##### Recorded data #####

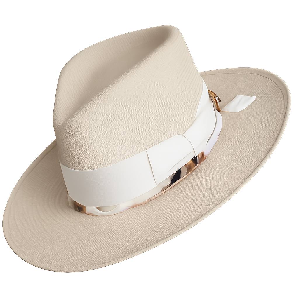 We specialize in handmade hats using the finest materials: premium Bolivian wool, 100x fur felts, and luxury finishes like horsehair bands, vintage ribbons, precious stones, and globally sourced feathers. Every piece is shaped, stitched, and finished by hand — no shortcuts, no mass production. Just heirloom-quality hats designed to be worn, admired, and remembered.
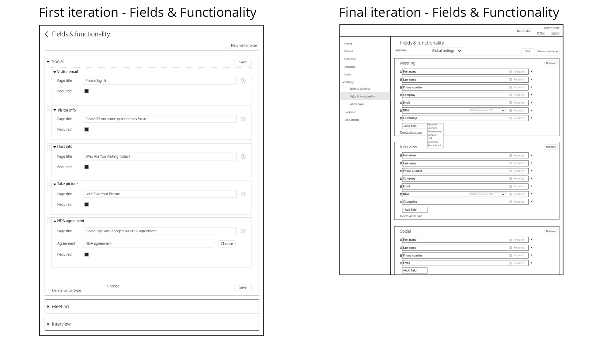 The original purpose of this ‘Fields & Functionality” page was to give users form field text customization and if that step would be required for sign in or not. Throughout the design process, we decided that field names would be static and users would only be able to rearrange and toggle fields. The rationale for this is that we do not anticipate users to change form text.
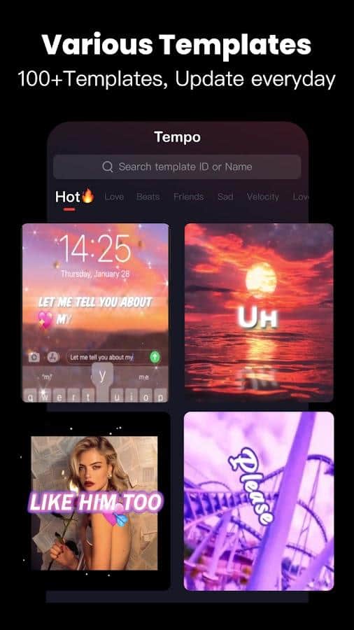Tempo - Редактор видео с музыкой - Выберите шаблон, в котором хотите отредактировать видеоролики так, как вам хочется. У вас есть возможность определить категорию и посмотреть, какие варианты там есть: любовь, тексты песен, смайлики, мультфильмы, прочее. Добавьте сопровождающую музыку в видео, соберите фотографии для видеороликов, наложите интересные спецэффекты и сделайте необычные переходы. Каждое видео можно сделать уникальным с помощью загруженных изображений, текстов, шрифтов, анимаций и других данных. В самом конце вы можете с легкостью поделиться результатом в соцсетях.

#####

- What is needed:
Copy nothing but the lines from the first one in the listing through the line with "The original purpose", and omit the pictures.

- Result of this task:
 We specialize in handmade hats using the finest materials: premium Bolivian wool, 100x fur felts, and luxury finishes like horsehair bands, vintage ribbons, precious stones, and globally sourced feathers. Every piece is shaped, stitched, and finished by hand — no shortcuts, no mass production. Just heirloom-quality hats designed to be worn, admired, and remembered.
 The original purpose of this ‘Fields & Functionality” page was to give users form field text customization and if that step would be required for sign in or not. Throughout the design process, we decided that field names would be static and users would only be able to rearrange and toggle fields. The rationale for this is that we do not anticipate users to change form text.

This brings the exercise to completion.